On a weekend archeological dig, you discover an old club-ax that consists of a symmetrical 8.3 kg stone attached to the end of a uniform 1.8 kg stick. You measure the dimensions of the club-ax as shown in the figure: the stick is 98 cm long, and the 18 cm long stone is drilled through its center and mounted on the stick. How far is the center of mass of the club-ax from the handle end of the club-ax?
CM of the stone is 9 cm from the edge, for the stick, 40 cm from the end, both by symmetry.
putting the origin at the center of the stone
r = 49/(1 + 8.3/1.8) = 8.73 cm
that is from the center of the stone, which is 89 cm from the left end
d = 89-8.73 = 80.27 cm
as a check, make the stick the larger
r = 49/(1 + 1.8/8.3) = 40.27 cm
that + 40
= 80.27 cm
To find the center of mass of the club-ax, you need to consider the mass and the distribution of mass along its length. The center of mass is the point at which the entire mass of the object can be considered to be concentrated.

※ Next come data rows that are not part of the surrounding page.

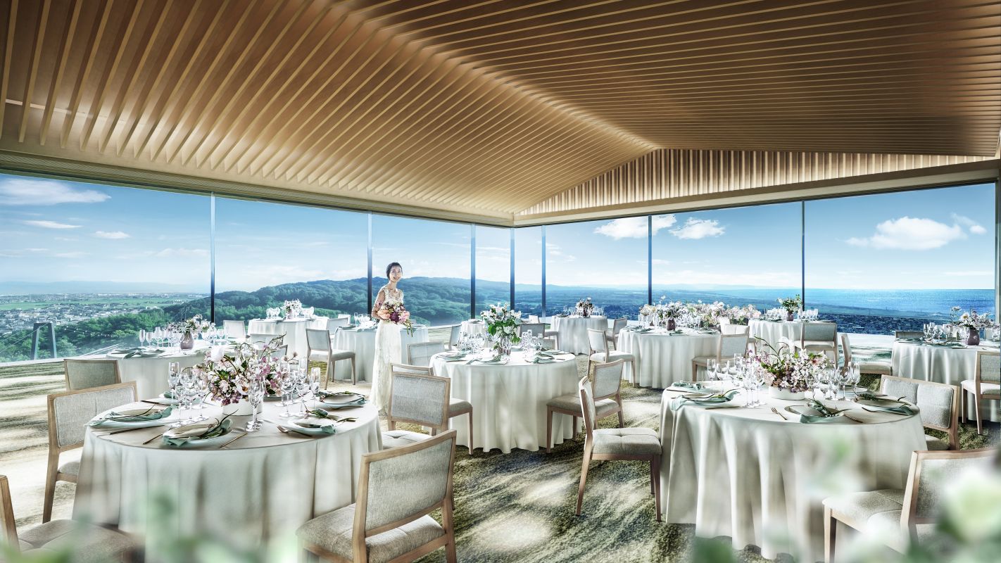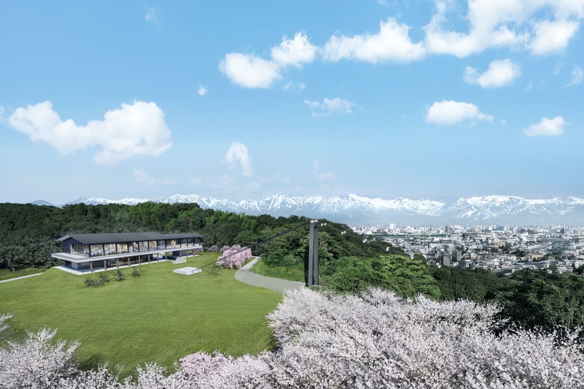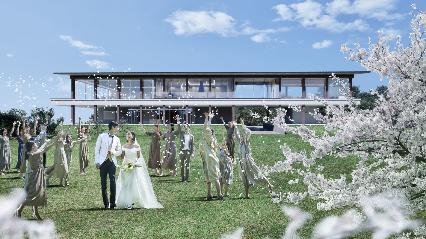 富山駅から車でわずか10分。美しい自然に抱かれたこの場所では、空間だけでなく広がる景色までも貸切に。訪れる全ての人をふたりらしい世界観でやさしく包み込み、心に残るおもてなしが叶う。/完成予想図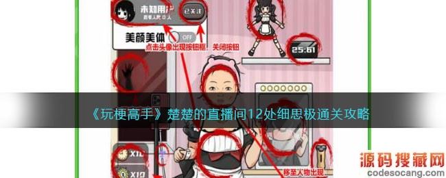 以上就是整理带来的抖音小游戏《玩梗高手》楚楚的直播间12处细思极通关攻略,更多关卡内容,请点击关注源码搜藏网!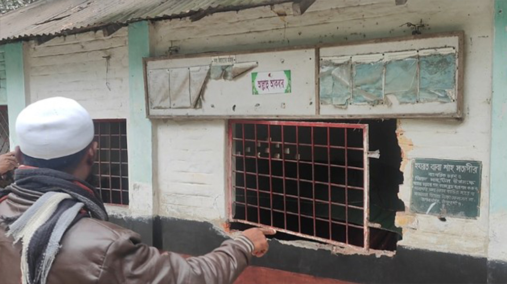 ঠাকুরগাঁও শহরে রাতের আঁধারে ‘হযরত বাবা শাহ সত্যপীর মাজার’ ভাঙচুরের ঘটনা ঘটেছে। এ ঘটনার পর থেকে এলাকায় উত্তেজনা বিরাজ করছে। শুক্রবার (২৬ ডিসেম্বর) রাতের কোনো এক সময়ে শহরের সত্যপীর ব্রিজ এলাকায় এ ঘটনা ঘটে বলে জানিয়েছেন ঠাকুরগাঁও সদর থানার ওসি মনির হোসেন।

First, let's calculate the center of mass of the stone and the stick separately, and then combine them to find the overall center of mass.
1. Center of mass of the stone:
The stone is symmetrical, so its center of mass will be at its geometric center. Since the stone is 18 cm long, the center of mass will be located at a distance of 9 cm from each end.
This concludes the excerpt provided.